动物造模,CRISPR/Cas9基因编辑技术 z-bio 2021-10-27 354

　　Purpose: Use CRISPR/Cas9 gene editing technology to knock out mouse FcγR2b, FcγR3 and FcγR4 gene clusters with a length of about 90 kb, and lay the foundation for the construction of FcγR gene humanized mice.

　　 Method: Use the online prediction software with FcγR2b and FcγR3Design sgRNA in the exon region, and select 5 candidate sgRNAs with low off-target effects at each site? Do you want to use CRISPR/Cas9 activity detection kit to detect sgRNA activity in vitro? Choose sgRNA with higher activity to have the same in vitro transcription function as Cas9 mRNA. Have you injected fertilized eggs? Genetically modified mice were obtained by PCR detection and sequencing. The knockout fragment was 89,711 bp, and the 5'end of the FcγR2b gene, the 3'end of the FcγR3 gene and the FcγR4 gene could be knocked out at the same time, which was predicted by software. Have you sequenced and confirmed the eight most likely off-target sites and all the off-target sites in the first mouse genome?

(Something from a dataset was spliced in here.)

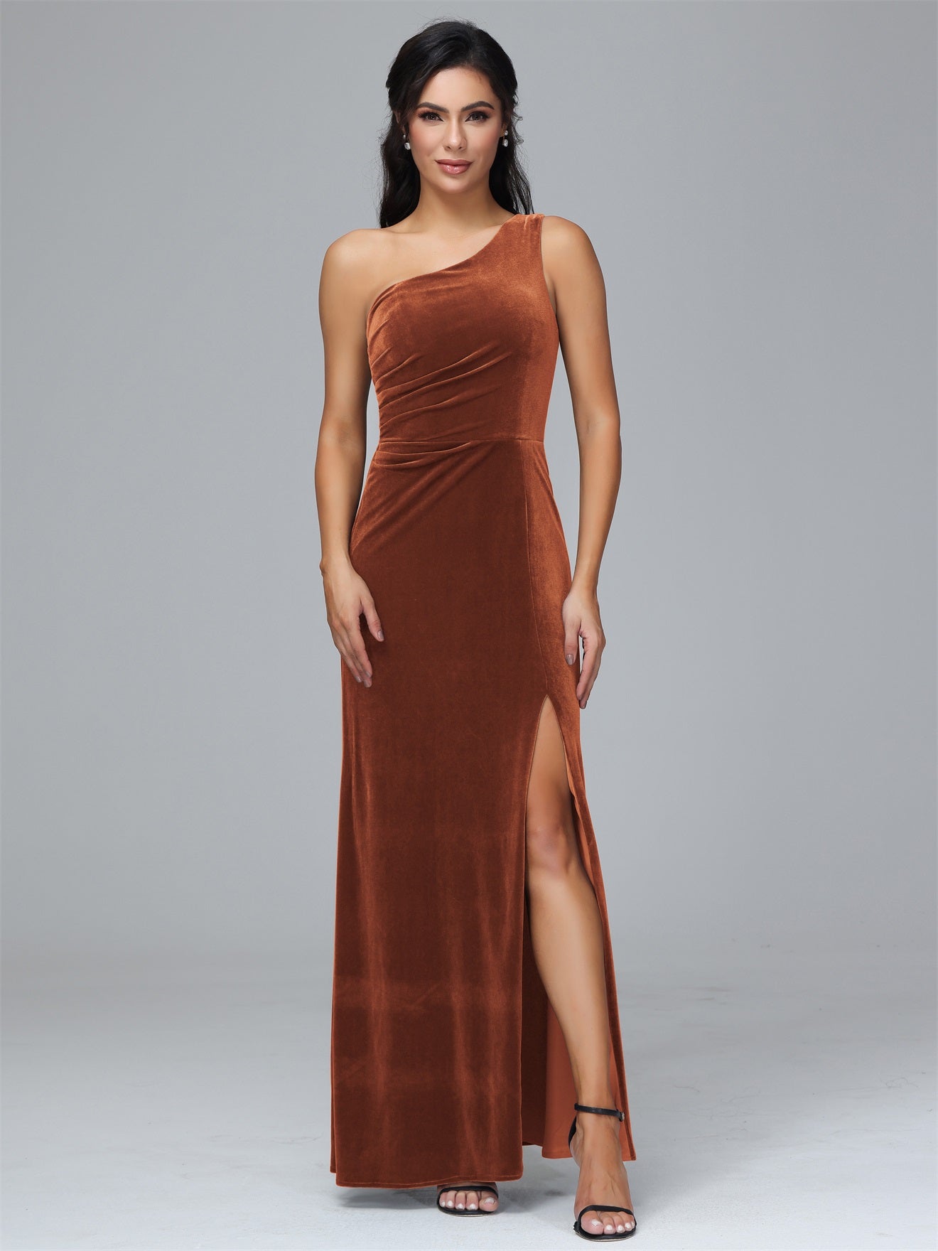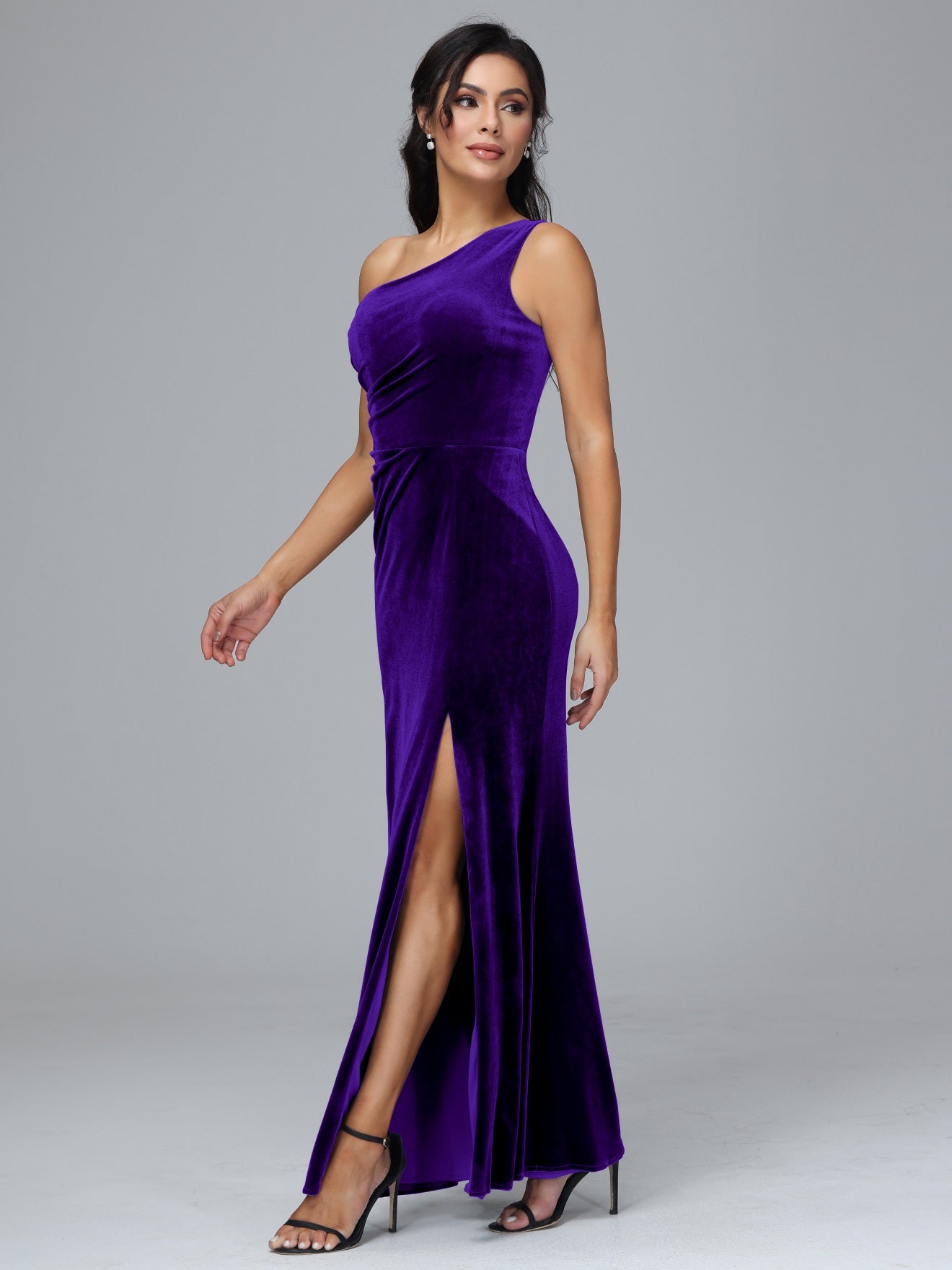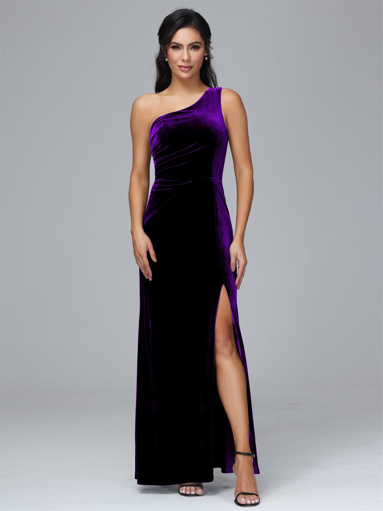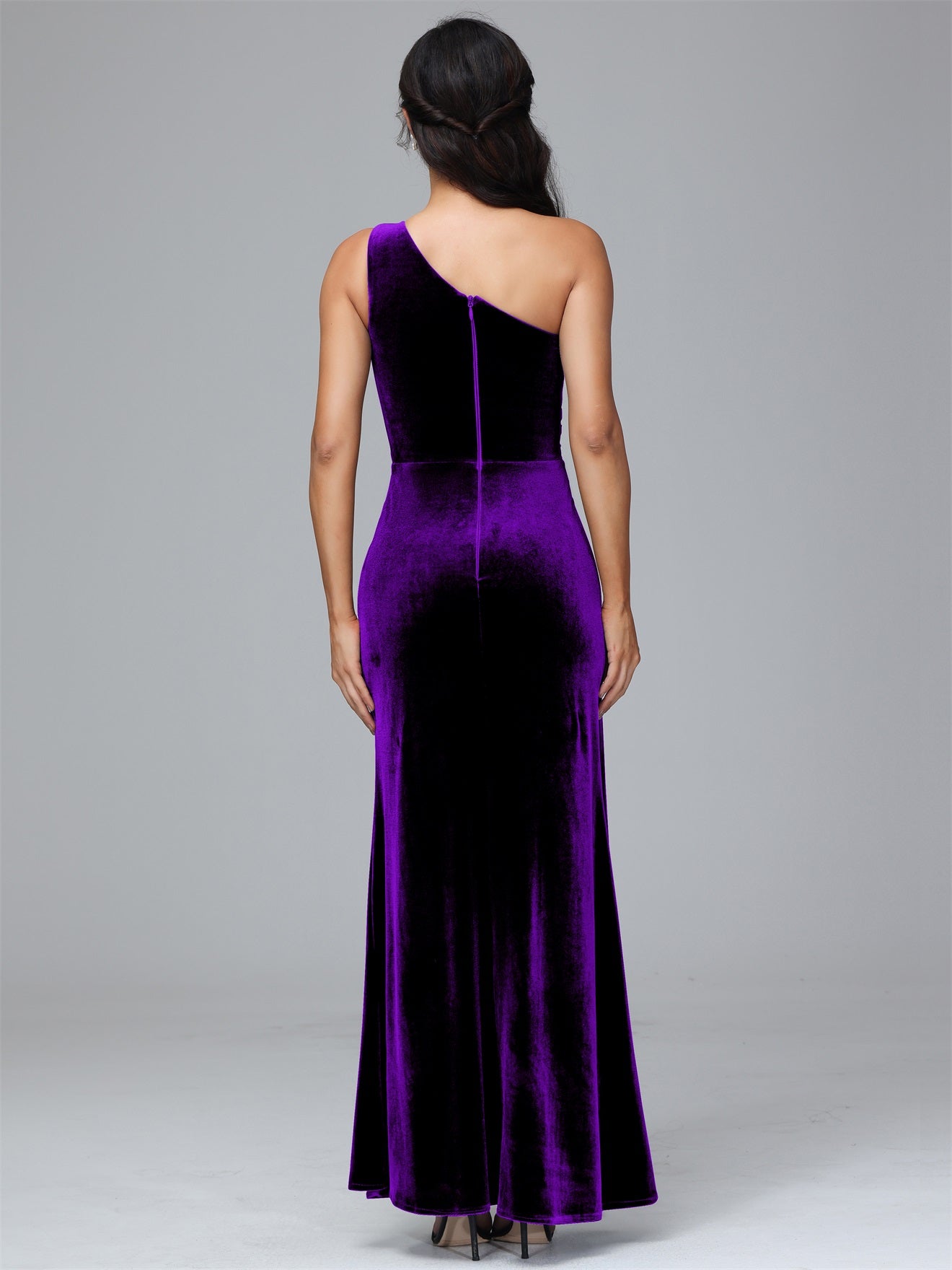 Übergröße Einfache Ein-Schulter Geschlitzt Samt Brautjungfernkleider

　　Result: Does the result show that no small fragment insertion or deletion is found near the predicted off-target site?

　　 Conclusion: We have established a technology that uses CRISPR/Cas9 gene editing technology to knock out very large genome fragments. Will the combination of this technology and BAC transgenic technology provide a new way to establish humanized mice with complex genetic families?